Jonnie Peacock, right, wins the T44 100m at the World Para Athletics Championships. Photograph: Paul Harding/PA
Jonnie Peacock, right, wins the T44 100m at the World Para Athletics Championships. Photograph: Paul Harding/PA

Jonnie Peacock strikes London gold again in T44 100m final

This article is more than 6 years old
Aled Davies stays on course for double after T42 discus gold
Maria Lyle adds bronze to one from Rio in T35 200m

Almost five years after bursting into the public consciousness with a stunning victory at the 2012 Paralympic Games, Jonnie Peacock returned to the London Stadium to strike gold again in the T44 100m at the World Para Athletics Championships.

Peacock, who was just 19 when he became one of the faces of the 2012 Paralympic and Olympic summer by winning gold in the blue riband event, had to work hard to hold off the challenge of the USA’s Jarryd Wallace and South Africa’s Johannes Floors but there was still fresh air between the winner and his rivals as he crossed the line.

The 24-year-old could be seen mouthing “Wow” as the roar went up around the stadium when his name was announced in the heats – “It was absolutely phenomenal,” said Peacock of the atmosphere – but as he stormed over the line in a personal best 10.64sec, smiling for the cameras to the right of the track from 30 metres out, it was those in the stands who were left open-mouthed in admiration. The time was just three-hundredths of a second outside the world record.

A challenge to Richard Browne’s mark of 10.61sec seemed on the cards in the final, and though that did not materialise Peacock, who had his right leg amputated below the knee after contracting meningitis at the age of five, still did more than enough to take his second world championship gold.

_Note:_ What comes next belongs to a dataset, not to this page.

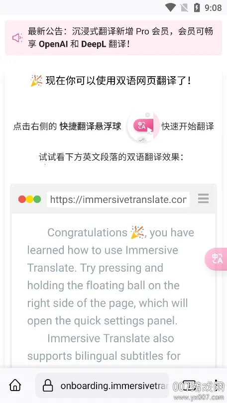 沉浸式翻译是一款出色的外文翻译软件。它支持超20种语言互译,依托先进AI技术,翻译准确可靠。特设沉浸式版块,开启悬浮窗权限就能轻松翻译外语内容。可保存翻译历史记录方便复习,多种语音引擎让口语翻译更准确流畅。还内置语言学习功能。能切换多种翻译引擎,满足不同习惯。不管是读名著、看新闻还是出国交流,它都能助力,是值得信赖的翻译伙伴,大大提升了沟通和学习效率。

“I was feeling some serious cramp in the warm up, my hamstring gripped so much, that was why I was stretching‚” said Peacock, who recovered from a sluggish start to come home in 10.75sec. “I was just thankful that I finished the race. When it comes to the final it’s not about the times.

“I definitely could have gone faster. I am always going to look back and think I could have done it, if I had held up better I could have done it. But at the end of the day, I came here for the world title and I’m thankful that I finished the race in one piece.”

Peacock’s gold was Great Britain’s eighth in the first three days of the championship, a tally that sees the team top of the medals table ahead of the USA. In the morning session, Aled Davies had added No7, successfully completing the first half of what he hopes will be a third successive world championship double with gold in the men’s F42 discus.

The 26-year-old Welshman, who won discus and shot put gold at the world championships in 2013 and 2015, will hope to complete the set in the shot next Saturday.

While Davies’ consistency over the years is hugely impressive, he has a fair way to go to match that of Dan Greaves. The 34-year-old F44 discus thrower won his first Paralympic medal, a silver, as a 17-year-old in Sydney in 2000 and went on to equal Tanni Grey-Thompson’s achievement of winning medals in five successive Paralympics.

Greaves immediately set his sights on these championships after a bronze in Rio, his last Games, but the Great Britain co-captain fell agonisingly short of adding to his four world championship medals, with Croatia’s Ivan Katanusic edging him out of the medals by just 32cm.

“I’m feeling very heartbroken; it wasn’t the performance I know I am capable of,” said Greaves, who also was also fourth in the world championships in Doha two years ago.

“I have got to go away and think about this performance because you can’t get emotionally wrapped up in it. I don’t want to bow out on that performance and this feeling.”

Earlier in the evening the Scottish sprinter Maria Lyle added a bronze to the one she won in Rio in the women’s T35 200m. At 17, Lyle is something of a veteran in the event – the Australian gold medal winner, Isis Holt, has just turned 16, while only one athlete in the seven-woman field was older than 19.